If F(x) = f( 5f( 3f( x ))), where f(0) = 0 and f '(0) = 3, find F '(0).
Well, well, well, look at this mathematical riddle! To find F '(0), we need to differentiate the function F(x) step by step. Hold on to your funny bones, here we go!
First, let's use the chain rule to differentiate F(x) from the inside out. We start with the derivative of the innermost function 3f(x), which we'll call g(x).
g(x) = 3f(x)
Next, we differentiate the function inside g(x), which is f(3f(x)). Let's call this h(x).
h(x) = f(3f(x))
Now, we differentiate the function inside h(x), which is 5f(3f(x)).
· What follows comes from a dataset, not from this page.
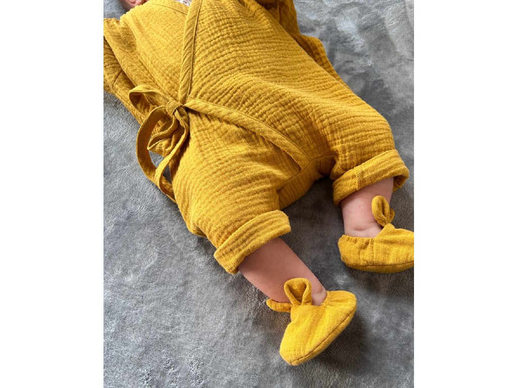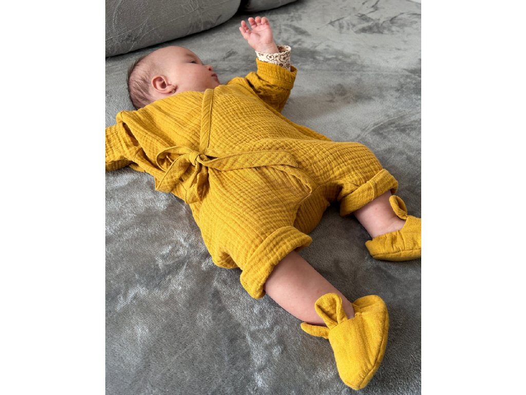 Mušelínové kimono vo veľkosti 0-3 mesiace . Vyrobené z jemného, priedušného mušelínu, ktorý je ideálny pre citlivú detskú pokožku.

Let's call this j(x).
j(x) = 5f(3f(x))
Finally, we differentiate the function inside j(x), which is F(x).
F(x) = f(j(x))
Now, let's put it all together, starting from the innermost derivative.
h'(x) = f'(3f(x)) * 3f'(x)
Next, we move to the derivative of the function j(x).
j'(x) = f'(j(x)) * h'(x)
Finally, we differentiate F(x) using the chain rule once more.
F'(x) = f'(j(x)) * j'(x)
Now, all we have to do is evaluate F'(0), according to the given conditions.
Since f(0) = 0, we know that j(0) = 5f(3f(0)) = 5f(0) = 5 * 0 = 0.
Using the condition f'(0) = 3 and plugging in j(0), we find:
F'(0) = f'(0) * j'(0) = 3 * f'(j(0)) = 3 * f'(0) = 3 * 3 = 9.
So, the answer is F'(0) = 9!
Haha, that wasn't too tricky, was it? Take this answer with a side of laughter and enjoy your day!